Dans 60 secondes pour un quinquennat, il y a d’abord cette constatation édifiante d’un sondage de l’IFOP : 22% des Français décident de leur vote une fois dans l’isoloir, dans lequel ils y passent une seule minute ! Cette porte d’entrée dans la campagne a servi de déclencheur à Wilfrid Estève pour raconter, avec ses 21 étudiants de l’EMI-CFD, une histoire à rebours du scrutin. Imaginée début avril, elle était en ligne 15 jours plus tard pour le premier tour, et au vu de la qualité du travail, on ne peut qu’applaudir. Les étudiants, considérés comme de véritables professionnels (un crédo de Wilfrid Estève qui porte ses fruits), ont remonté le fil de la campagne sur un an, de la chambre 2806 aux derniers remous précédant le vote. Dernière branche du projet 21 voix pour 2012, qui comporte un livre, des entretiens et des POM (kézako ? réponse ici), 60 secondes… mêle harmonieusement dessins et vidéos, archives trouvées sur le net des temps forts de la campagne (le halal, le SMIC à 1700 euros…), leur retentissement médiatique et l’impact sur les intentions de vote.
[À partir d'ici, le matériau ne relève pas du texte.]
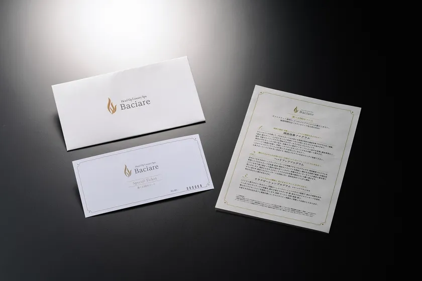 Baciare(バチャーレ)のギフトチケットは、「選べる90分コース」と「選べる45分コース」の2種類ですが、各チケットには3つのプログラムメニューがあります。利用者が、その時の体調や改善要望などに合わせてメニューを選ぶ楽しみがあり、ご希望の施術が受けられます。贈り主の細やかな心遣いが伝わるギフトチケットです。
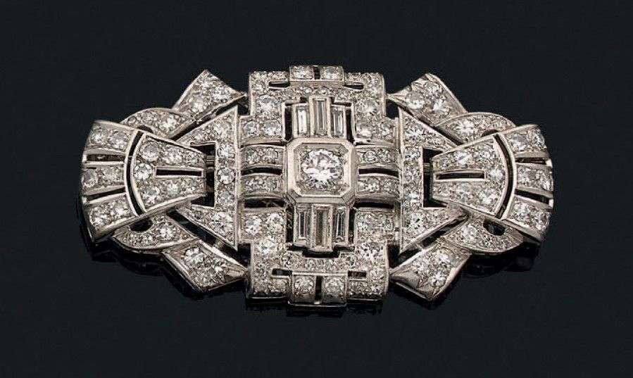 Broche "plaque" à décor géométrique en platine et or gris 18k sertie de diamants de taille brillant et baguette. Vers 1940
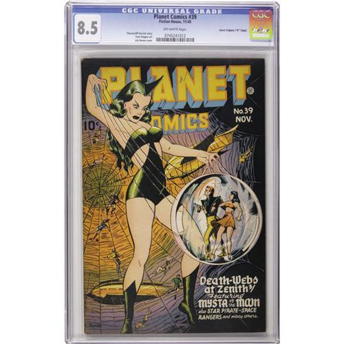 <B>Planet Comics #39 Davis Crippen ("D" Copy) pedigree (Fiction House, 1945) CGC VF+ 8.5 Off-white pages.</B></I> This is the nicest copy we've ever offered of this issue. Mysta of the Moon made her second cover appearance here, though all eyes are on her plus-size adversary! Lily Renee's signature graces the cover art. Meanwhile, the series' earlier cover heroes like Gale Allen, Flint Baker, and Hunt Bowman continue their adventuring inside the issue. Overstreet 2006 VF 8.0 value = $500; VF/NM 9.0 value = $788. CGC census 9/06: 2 in 8.5, 2 higher. <I>From the Crippen Collection.</B></I><BR><BR><b>Shipping:</b> Slabbed Comic (<a target="_blank" href="http://www.heritageauctions.com/common/shipping.php">view shipping information</a>)
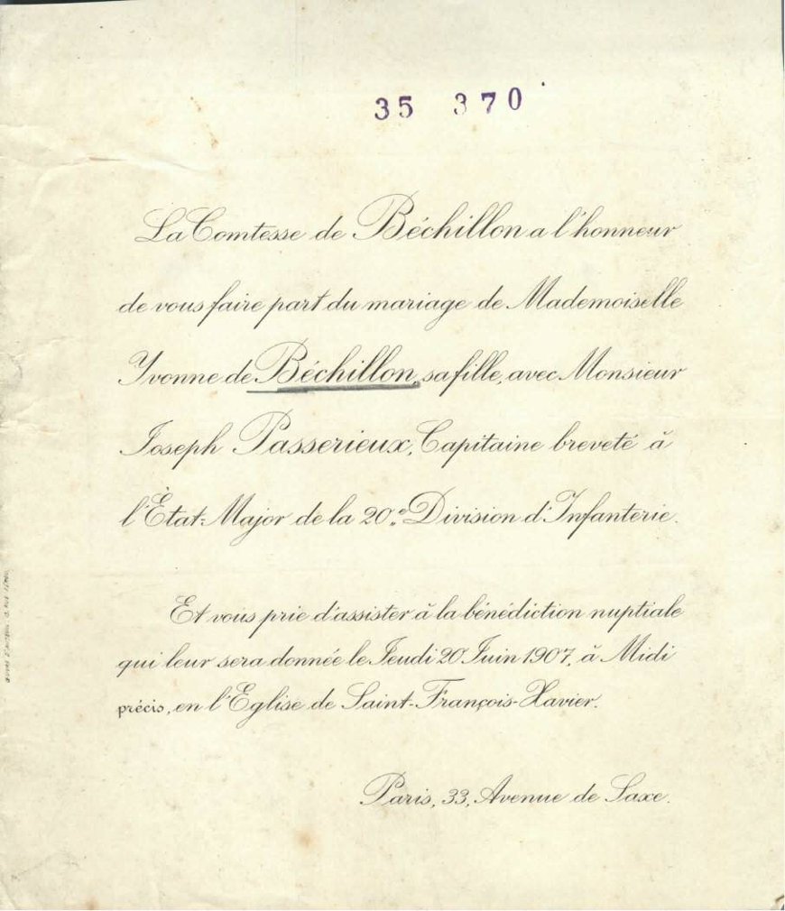 Il s’unit le 19 juin 1907 à la mairie du 7e arrondissement de Paris avec Yvonne, Laure de BECHILLON (1881-1948), sans profession, fille d’Eugène, Martin, Samuel de BECHILLON et d’Anna, Laure, Marie, Gabrielle VIBERT (autorisation de mariage en date du 21/05/1907 délivrée par le Général commandant le 10e Corps d’Armée).
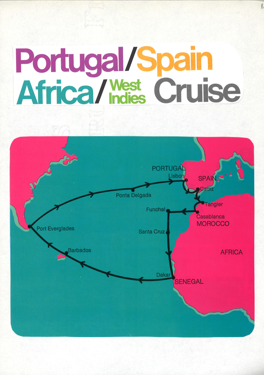 Fotografiet är taget ombord GRIPSHOLM under en kryssning till Portugal, Spanien, Afrika och Västindien. Kryssningen avgick från Port Everglades i Florida, USA, 14 oktober 1974 och återkom 14 november samma år.
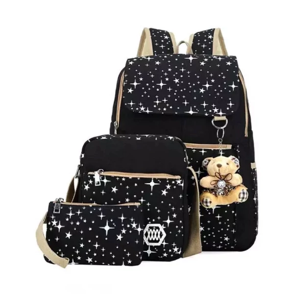 Csillagos iskolatáska szett – 3 részes, Fekete KBL-1143-01-F
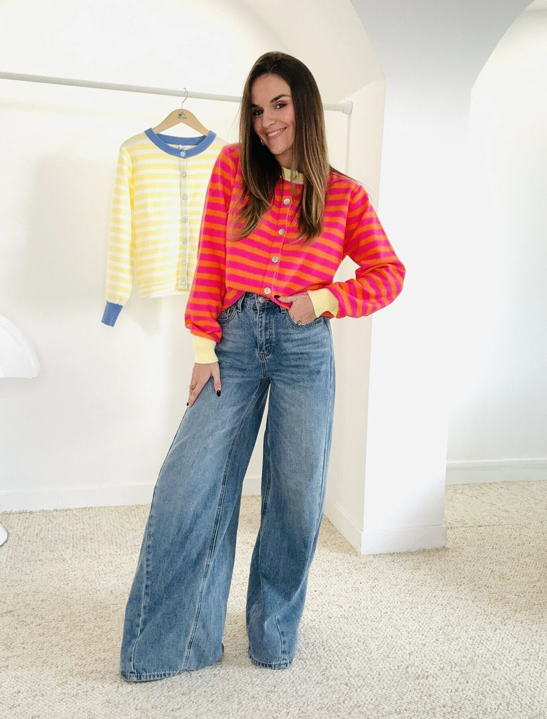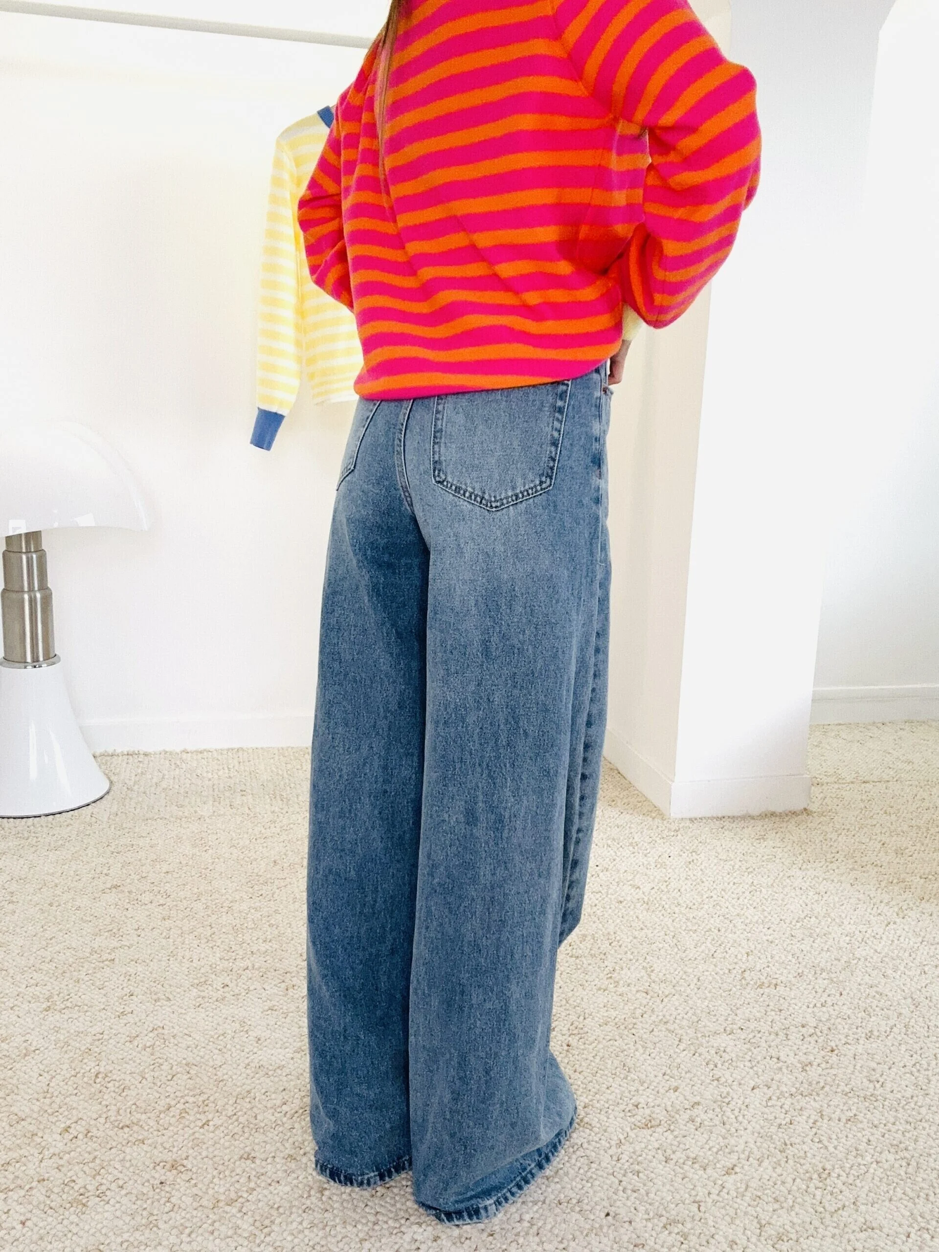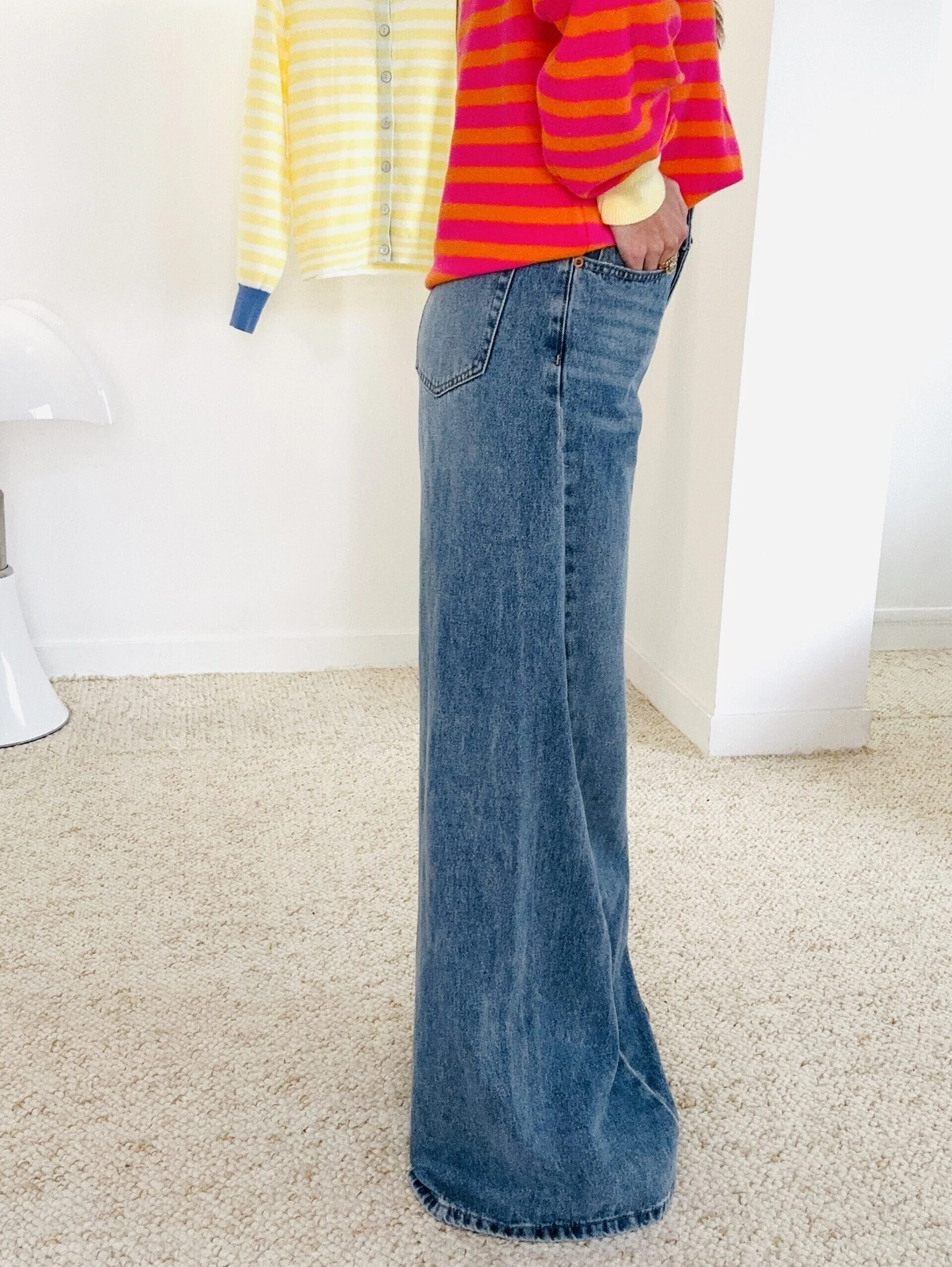 Jean long, taille haute, à jambes larges (coupe wide).
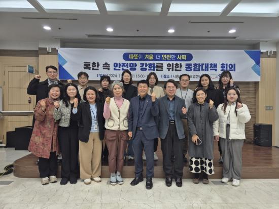 Âü¼®ÀÚµéÀº ºÎ¼ ¹× ±â°üº° ÃßÁø °èȹÀ» °øÀ¯ÇÏ¸ç °Ü¿ïö º¹Áö »ç°¢Áö´ë ÁýÁß ¹ß±¼, ½ÃÈïµ¹º½SOS¼¾ÅÍ µ¹º½¼ºñ½º Áö¿ø, À§±â ³ë¼÷ÀÎ Á¶±â ¹ß°ß ¹× À§±â ´ëÀÀü°è ±¸Ãà, Ãë¾à ³ëÀÎ ÇÑÆÄ ´ëÀÀ°ü¸®, ³ëÀοä¾ç½Ã¼³ ÇÑÆÄ ´ëºñ ¾ÈÀü Á¡°Ë ¸ð´ÏÅ͸µ °È, ÁßÁõÀå¾ÖÀΰ¡±¸ Ȱµ¿Áö¿ø ¼ºñ½º Áö¿øÃ¼°è °È, µå¸²½ºÅ¸Æ® Ãë¾à°èÃþ ¾Æµ¿¤ý°¡Á· °Ü¿ïö À§±â ´ëÀÀ, ´Ù¹®È°¡±¸ µ¿Àý±â ¾ÈÀü»ç°í ¹× °Ç°°ü¸® öÀú, ȤÇѱâ ÁÖ°Å Ãë¾à°èÃþ ÁýÁß °ü¸® µî µ¿Àý±â À§±â°¡±¸ º¸È£¸¦ À§ÇÑ ´ëÃ¥À» ³íÀÇÇß´Ù.
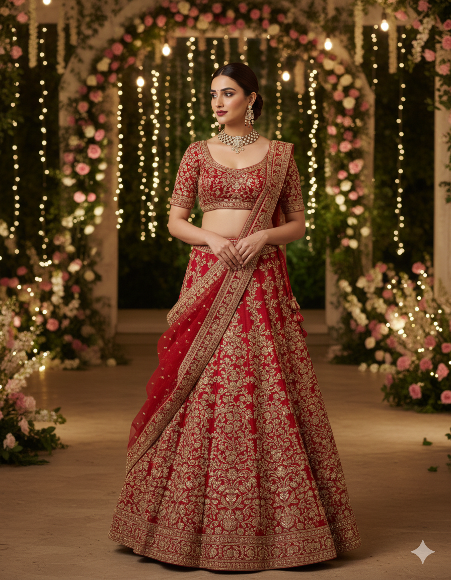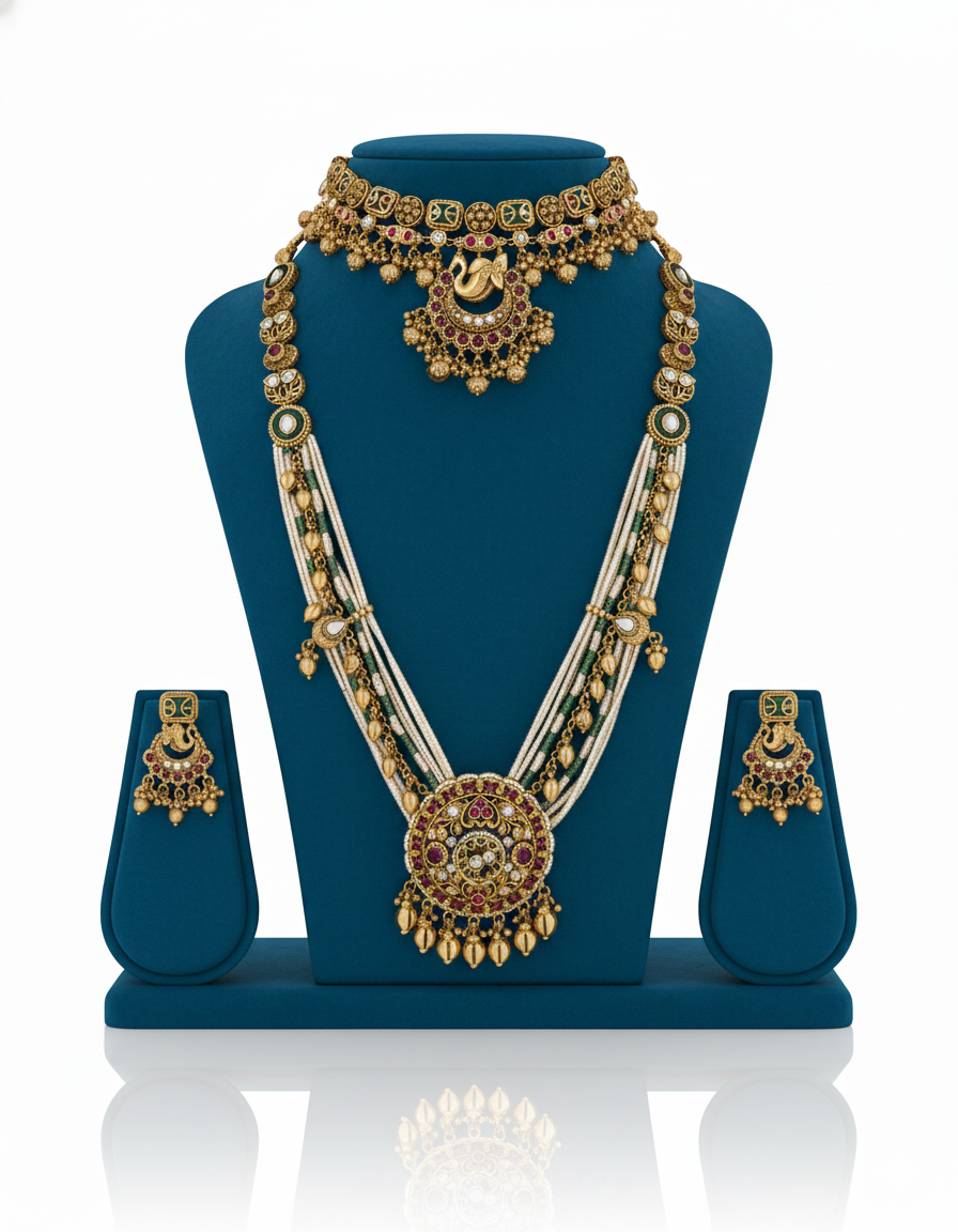 The Nazakat Ruby Regal Choker Set is a striking celebration of refined opulence and royal charm. Crafted in a bold choker silhouette, this exquisite necklace features neatly aligned ruby-hued stones framed with shimmering diamond-cut detailing, creating a rich, structured look. The intricately designed central motif is enhanced with delicate dangling elements that add graceful movement and sophistication. Paired with matching statement earrings accented with ruby drops, this set is perfect for bridal wear, receptions, and grand festive occasions. Nazakat Ruby Regal embodies elegance, confidence, and timeless luxury—ideal for women who desire a powerful yet graceful jewelry statement.

Ces prévisions sondagières des principaux candidats montrent, au bas de la timeline, comment les événements ont pu influencer ou non les courbes. Le tout n’est certes pas révolutionnaire, mais la réalisation graphique est très soignée avec le logiciel de HTML5, Djehouti. Quant au budget, il n’est simplement constitué que des 5.000 euros d’une collecte, là encore sur KissKissBankBank. Les partenariats média ont été l’une des pierres angulaires du projet, avec une présence sur OWNI, Youphil et Silicon Maniacs et des étudiants de l’EMI-CFD mués en hommes-orchestre d’un projet peu onéreux et de qualité. A voir si cette dynamique perdurera dans l’école avec le départ annoncé de Wilfrid Estève, dont nous re-prendrons des nouvelles très vite…

Autre dimension, autre initiative enfin, où le mot « webdoc » n’est pas revendiqué : Clichés de campagne, produit par l’équipe de Joël Ronez (Radio France), avec l’équipe de France Inter, et réalisé par Upian, propose un suivi en photos du match présidentiel. Objet infiniment « web-tactile » comme l’équipe d’Alexandre Brachet sait les concevoir, le site se déploie en scrollant de haut en bas. Le procédé, baptisé « timeline », évite pourtant, ne serait-ce qu’en plaçant le site sous le signe de la verticalité, le carcan visuel de la timeline horizontale. Chaque photo, grand format, s’affiche dans la totalité de la page et se laisse découvrir comme si nous étions dans la salle d’une exposition photo. Un appel à contributions, via le hashtage #cdc2012 sur Twitter, a permis ensuite de recueillir d’autres photos ou éléments se rapportant à l’instant photographié. Sobriété et distance face à l’événement sont les deux maîtres-mot de l’exercice. Comme des grands reporters face à l’Histoire, les photographes Guillaume Binet, Lionel Charrier et Ulrich Lebeuf sélectionnent la photo qui se laisse regarder plusieurs fois, qui affiche plusieurs niveaux de lecture. Bien aidés en cela par le travail d’Upian (ne dit-on pas que le plus simple des dispositifs est parfois le plus beau ?), sans aucun son, les photos acquièrent une dimension de témoignage, du fait de leur nombre (restreint) et de l’écrin qui les met en valeur. On ne serait pas étonnés de les retrouver un jour sur un autre support que sur le web…

Nicolas Bole

Plus loin

INSITU : entretien multimedia avec Antoine Viviani

Webdocu Actu : Stigmatisés (M. Rigaux, J-B. Renaud)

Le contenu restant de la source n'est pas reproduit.